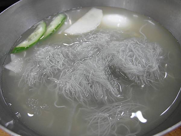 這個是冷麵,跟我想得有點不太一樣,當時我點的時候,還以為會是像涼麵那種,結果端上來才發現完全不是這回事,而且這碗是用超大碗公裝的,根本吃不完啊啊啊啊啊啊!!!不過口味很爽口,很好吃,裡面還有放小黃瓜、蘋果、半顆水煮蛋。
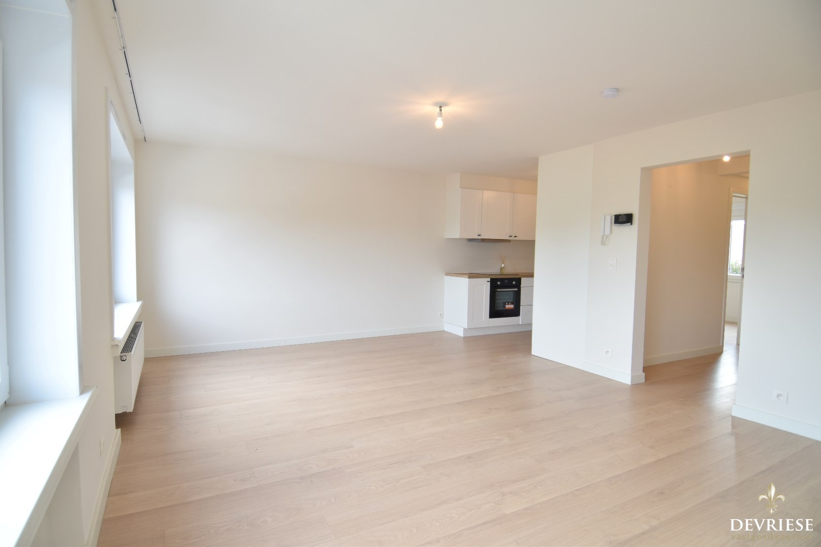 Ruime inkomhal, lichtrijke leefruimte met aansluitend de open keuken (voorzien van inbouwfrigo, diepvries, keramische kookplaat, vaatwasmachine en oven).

· · · ·

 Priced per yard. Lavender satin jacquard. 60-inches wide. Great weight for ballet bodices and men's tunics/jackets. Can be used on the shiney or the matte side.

· · · ·

● **What to do**: Output only the stretch above from the line with "這個是冷麵,跟我想得有點不太" through the line with "Ruime inkomhal, lichtrijke", reproduced exactly. Exclude pictures.

● **Result of this exercise**:
 這個是冷麵,跟我想得有點不太一樣,當時我點的時候,還以為會是像涼麵那種,結果端上來才發現完全不是這回事,而且這碗是用超大碗公裝的,根本吃不完啊啊啊啊啊啊!!!不過口味很爽口,很好吃,裡面還有放小黃瓜、蘋果、半顆水煮蛋。
 Ruime inkomhal, lichtrijke leefruimte met aansluitend de open keuken (voorzien van inbouwfrigo, diepvries, keramische kookplaat, vaatwasmachine en oven).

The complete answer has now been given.